In the few minutes after receiving the message, people across the Pacific paradise began to wonder what to do with what they could rightfully believe were the last few minutes of their lives.
Their worst fears are certainly reasonable. Tensions between the United States and new nuclear power North Korea have been high. The North Koreans have proven Hawaii is within range of their missiles. North Korean dictator Kim Jung-un has said he has the launch button on his desk.
It is estimated that it takes about 12 to 20 minutes from the time a missile is launched in North Korea until a mushroom cloud rises over Honolulu. How would you react if your phone suddenly told you that you would be consumed by an atomic fireball in less time than it takes to get a pizza delivered?
Try desperately to find shelter? Gather your family around you? Or simply sit in the middle of the floor and pray, waiting for the flash?
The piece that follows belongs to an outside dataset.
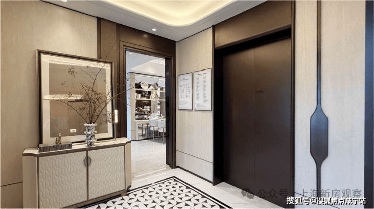 除此之外,酒店式迎宾大堂,仪式感归家入口,温情社区的重要展示;泛会所客厅,通过营造视线关系的尺度与对景的舒适度,营造精致时尚的仪式归家入口空间。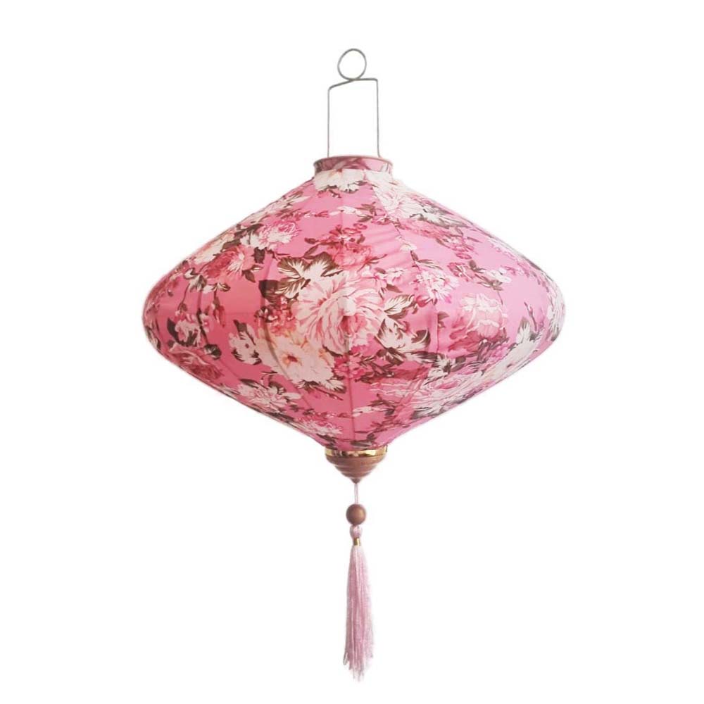 Это традиционные подвесные фонарики ручной работы, изготовленные из шелкового материала с элегантным цветочным узором, которые делают его изысканным и красивым.

The text message was sent in error. Hawaii, and the nation, could go back to their daily routine.
Hawaiians can be forgiven if they remain on edge. After all, 76 years ago another message with the words, “This is no drill,” went out from Hawaii.
It was the radiogram announcing the attack on Pearl Harbor. For those who have forgotten, there’s a battleship on the bottom of the harbor with the bones of 1,100 men inside to remind them.
Pray Hawaiians never– ever– receive the “not a drill” message again.